Mounting config as files instead of env vars lets Spring Cloud Kubernetes hot-reload some properties on change, but for most services env injection is simpler and sufficient. Use Spring profiles (SPRING_PROFILES_ACTIVE=prod) so the same image behaves per environment.
When Kubernetes terminates a pod (deploy, scale-down, node drain) it sends SIGTERM, waits the termination grace period, then SIGKILL. Naively, the app dies immediately and in-flight requests fail. The fix has two halves. First, enable Spring Boot graceful shutdown so it stops accepting new requests and lets active ones finish:
server:
shutdown: graceful
spring:
lifecycle:
timeout-per-shutdown-phase: 30s
Second — and easy to miss — there is a race: Kubernetes removes the pod from Service endpoints and sends SIGTERM at roughly the same time, so a request can still be routed to a pod that has begun shutting down. The common remedy is a preStop hook that sleeps a few seconds, giving endpoint removal time to propagate before the app stops, and a grace period longer than your shutdown timeout:
lifecycle:
preStop:
exec: { command: ["sh", "-c", "sleep 5"] }
terminationGracePeriodSeconds: 45
The Horizontal Pod Autoscaler (HPA) adds and removes pods based on a metric. CPU is the default, but for I/O-bound Java services — which spend their time waiting, not burning CPU — CPU is often a poor signal. Custom or external metrics (requests per second, queue depth, Kafka consumer lag) via the Prometheus Adapter or KEDA usually track real load far better.
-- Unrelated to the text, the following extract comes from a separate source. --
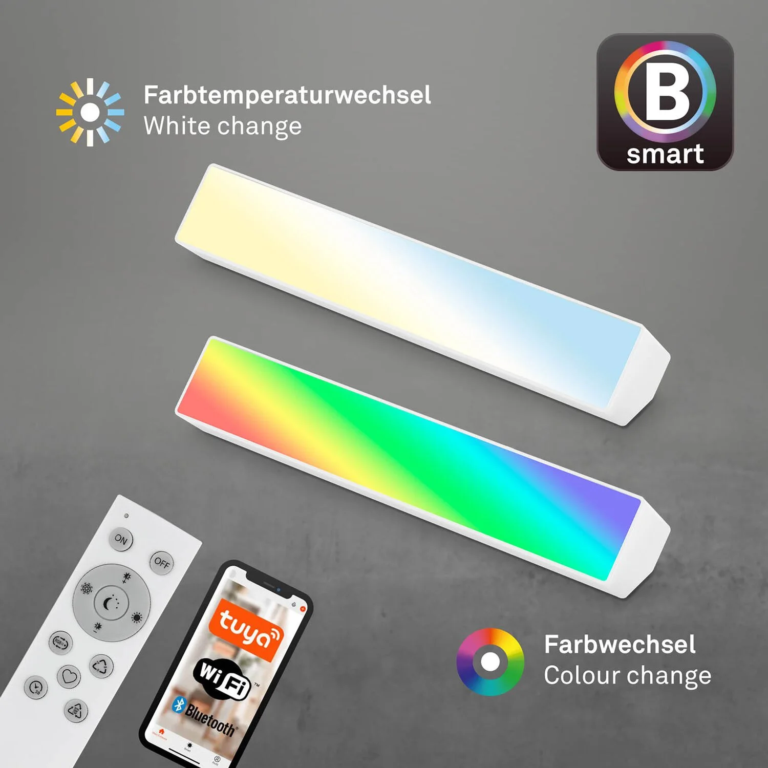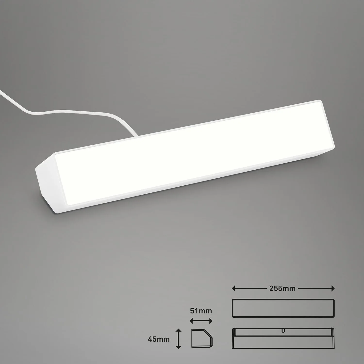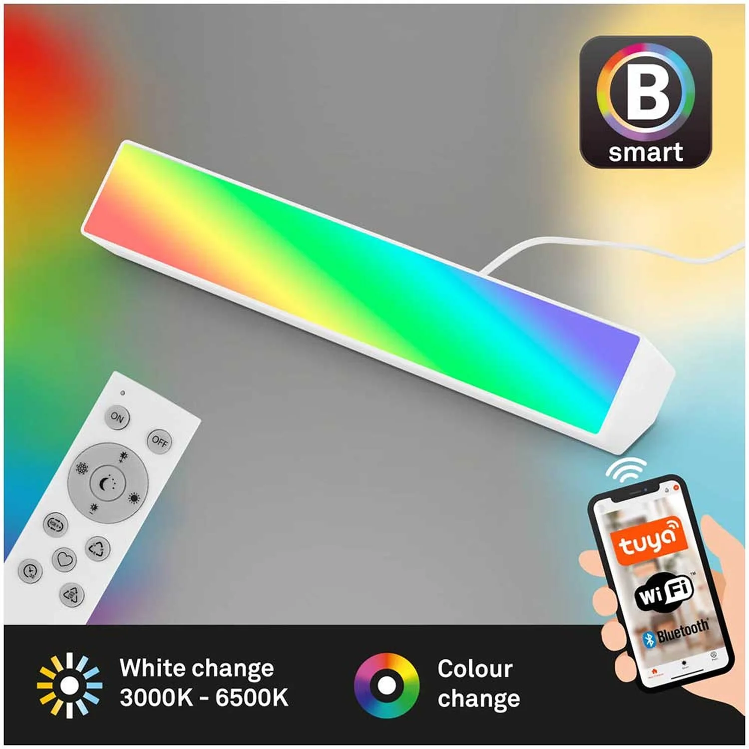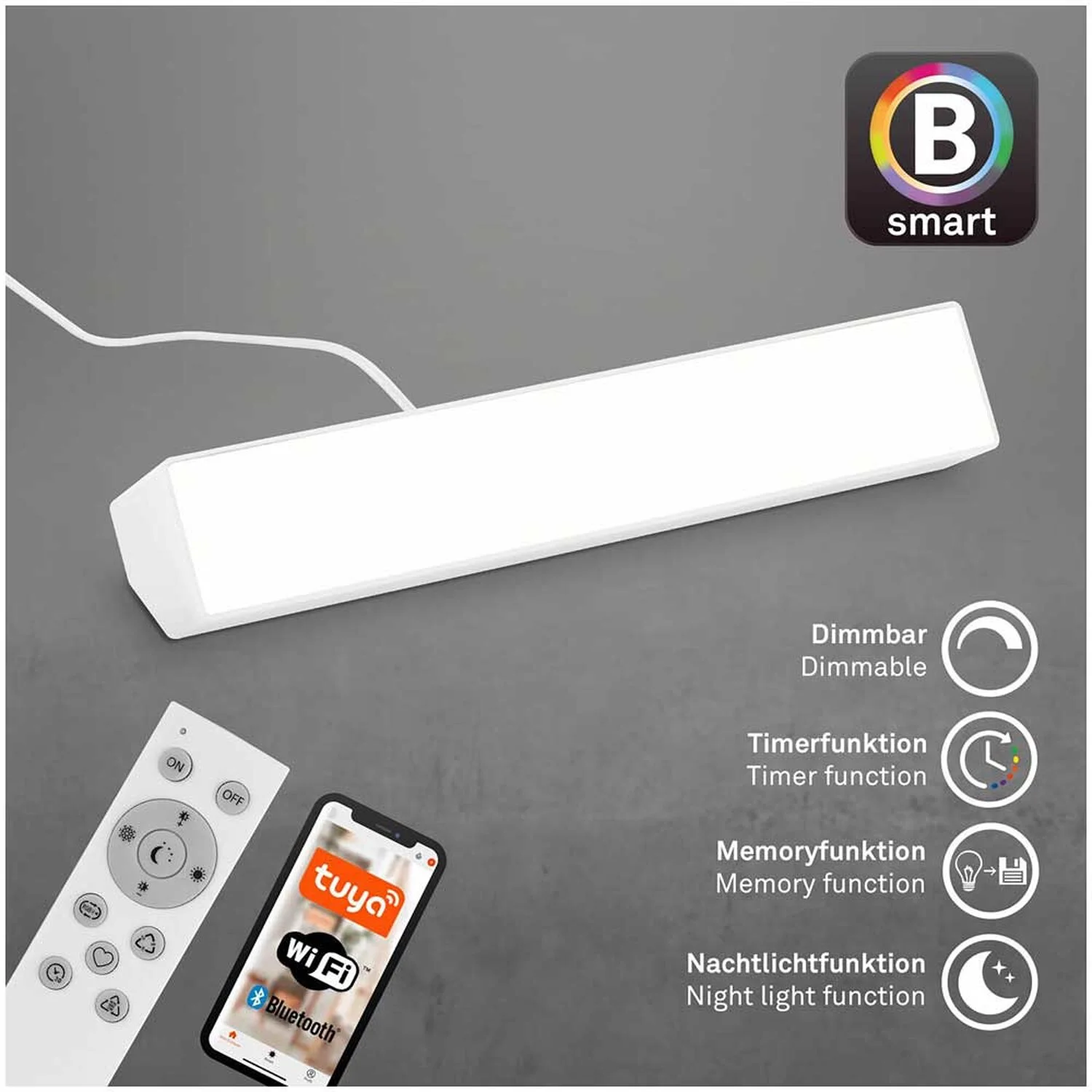Brilo B Smart – das neue Sortiment mit scheinbar endlosen Möglichkeiten der Lichtsteuerung – bietet mit dem Wallwasher Muro S einen modernen Hingucker in jedem Zuhause. Bringen Sie z. B. Ihr liebstes Kunstwerk zum Strahlen. Der Wallwasher ist ein wahrer Allrounder und kann nicht nur über die mitgelieferte Fernbedienung, sondern auch via App und Sprachsteuerung mit Amazon Echo und Google Home gesteuert werden. Dabei kann zwischen verschiedenen Farbtemperaturen (Warmweiss (3’000 K) bis Kaltweiss (6’500 K)), Farbprogrammen und Lichteffekten gewählt werden. Dazu kann die LED Leuchte auch stufenlos gedimmt werden. Somit können Sie ihr Licht immer auf die gewünschte Atmosphäre und Stimmung anpassen. Die Leuchte verfügt ausserdem über eine Nachtlicht- und Timerfunktion, die ebenfalls via App und Fernbedienung zu bedienen sind. Durch die integrierte Memoryfunktion kann sich die Leuchte die zuletzt genutzten Einstellungen merken und beim nächsten Einschalten wiederherstellen. Die eingebaute LED-Platine hat eine Leistung von 9 W und 850 lm. Darüber hinaus verfügt die Leuchte über eine lange Lebenszeit von 20’000 h. Die Masse der Leuchte betragen 255 x 51 x 45mm (LxBxH).

apiVersion: autoscaling/v2
kind: HorizontalPodAutoscaler
spec:
scaleTargetRef: { kind: Deployment, name: orders }
minReplicas: 3
maxReplicas: 20
metrics:
- type: Resource
resource:
name: cpu
target: { type: Utilization, averageUtilization: 70 }
Two JVM-specific cautions: account for warmup (a freshly scaled pod is slow until the JIT warms — readiness probes plus a brief preStop/ramp help) and don’t scale so aggressively that you thrash. Pair the HPA with a PodDisruptionBudget so voluntary disruptions (node upgrades) can’t take down too many replicas at once.
securityContext — basic supply-chain hygiene.Running Spring Boot well on Kubernetes is a checklist of getting the platform contract right: probes mapped to the correct Actuator health groups (cheap liveness, dependency-aware readiness, generous startup), memory requests and limits with the heap sized from the limit, config externalized to ConfigMaps and Secrets, graceful shutdown plus a preStop delay to drain cleanly, and autoscaling on a metric that reflects real load. Nail those and your services restart only when they should, never serve traffic before they’re ready, and ride deploys and scale events without dropping a request.
What is the difference between liveness and readiness probes?
A liveness probe tells Kubernetes whether to restart the container (it is broken and stuck); a readiness probe tells Kubernetes whether to send it traffic (it is up but maybe not ready, e.g. still warming caches or a dependency is down). Spring Boot Actuator exposes both at /actuator/health/liveness and /actuator/health/readiness.
Should I set CPU limits on Java pods in Kubernetes?
Always set requests. CPU limits are debated: a too-low limit causes CPU throttling that hurts latency, so many teams set CPU requests but no CPU limit (relying on requests for scheduling) while always setting a memory limit to prevent the node running out of memory.